Research

My academic research was in computability theory (also called recursion theory), a field of mathematical logic that seeks to understand the basic concept of computability (as established by Turing, Church, Post, Kleene, and others) and its connections to other areas of mathematics. Within that area I was most interested in the connections between algebraic (“static”) and computability-theoretic (“dynamic”) properties in the computably enumerable sets and Π01 classes, such as in degree invariance [1,2,4,7,12]. The other major track of my research was algorithmic randomness and its extension to objects other than binary sequences [5,6,8,9,15], as well as randomness-theoretic weakness and related notions [3,6,9,14,16]. I wrote an undergraduate textbook on computability, published by the American Mathematical Society [13].

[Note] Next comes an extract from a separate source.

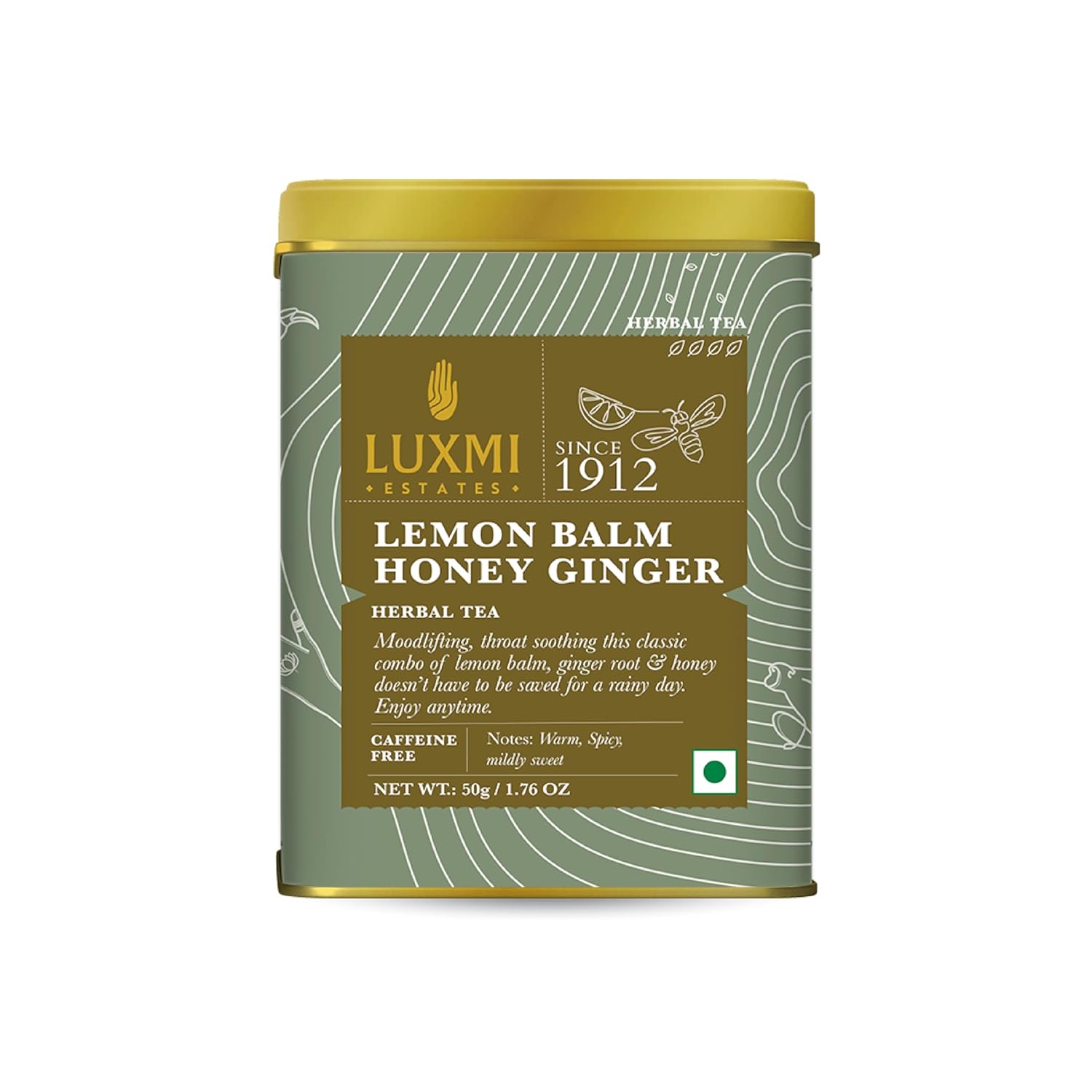 Luxmi Estates Lemon Balm Honey Ginger Herbal Tea - 50gm Tin Caddy, 1.7 Ounce, 25 Cups | USDA Certified Organic Herbal Tea - Caffeine Free Herbal Tea | Rich In Antioxidants, Additives Free

I have some introductory material available: slides from an undergraduate introduction to computability I gave at my alma mater, UR (modified from a talk I gave at the MIT Women in Math series); slides with accompanying notes from a tutorial on Π01 classes I gave at the CCA conference at UF in 2006.

I was guest editor for Archive for Mathematical Logic 45 (2008), and have refereed (peer reviewed) for Annals of Pure and Applied Logic, Archive for Mathematical Logic, Journal of Logic and Computation, Journal of Mathematics and the Arts, Journal of Symbolic Logic, Mathematical Foundations of Computer Science, Mathematical Logic Quarterly, Notre Dame Journal of Formal Logic, and Theoretical Computer Science.

Publications

[16.] Lowness for effective Hausdorff dimension, with Steffen Lempp, Joe Miller, Keng Meng Ng, and Dan Turetsky. Journal of Mathematical Logic 14(2)(2014), 22 pages.

[15.] Effective randomness of unions and intersections, with Douglas Cenzer. Theory of Computing Systems 52(2013):48-64.

[14.] Finite self-information, with Denis Hirschfeldt. Computability 1(2012):85-98. PDF

[13.] Computability Theory, American Mathematical Society Student Mathematical Library, May 2012. Amazon, AMS       review

[12.] Degree invariance in the Π01 classes. Journal of Symbolic Logic, 76(2011): 1184-1210. PDF

[11.] Immunity and non-cupping for closed sets, with Doug Cenzer, Takayuki Kihara, and Guohua Wu. Tbilisi Mathematical Journal, 2(2009): 77-94. PDF

[10.] Immunity of closed sets, with Doug Cenzer and Guohua Wu. Mathematical Theory and Computational Practice (CIE 2009), eds. K. Ambos-Spies, B. Loewe and W. Merkle, Springer Lecture Notes in Computer Science 5635(2009): 109-117. PDF

[9.] K-triviality of closed sets and continuous functions, with George Barmpalias, Doug Cenzer, and Jeff Remmel. Journal of Logic and Computation, 1(2009): 3-16. PDF

[8.] Algorithmic randomness of continuous functions, with George Barmpalias, Paul Brodhead, Doug Cenzer, and Jeff Remmel. Archive for Mathematical Logic, 45(2008): 533-546. PDF

[7.] Prompt simplicity, array computability and cupping, with Rod Downey, Noam Greenberg, and Joe Miller. In Chong et. al. (eds.), Computational Prospects of Infinity, Lecture Notes Series of the Institute for Mathematical Sciences, NUS, vol. 15, World Scientific (2008): 59-78. PDF

[6.] K-trivial closed sets and continuous functions, with George Barmpalias, Doug Cenzer, and Jeff Remmel. CIE 2007, Computation and Logic in the Real World, Third Conference on Computability in Europe, Siena, Italy, June 2007, S.B. Cooper, B. Loewe and A. Sorbi (Eds.), Springer Lecture Notes in Computer Science 4497(2007): 135-145. PDF

[5.] Algorithmic randomness of closed sets, with George Barmpalias, Paul Brodhead, Doug Cenzer, and Seyyed Dashti. Journal for Logic and Computation, 17(2007): 1041-1062. PDF

[4.] Totally ω-computably enumerable degrees I: bounding critical triples, with Rod Downey and Noam Greenberg. Journal of Mathematical Logic 7(2007): 145-171. PDF

[3.] Lowness and Π02 nullsets, with Rod Downey, Andre Nies, and Liang Yu. Journal of Symbolic Logic, 71(3)(2006): 1044-1052. PDF

[2.] Invariance in E* and EΠ. Transactions of the American Mathematical Society 358(2006): 3023-3059. PDF

[1.] A definable relation between c.e. sets and ideals. Ph.D. thesis under the direction of Peter Cholak, University of Notre Dame, 2004.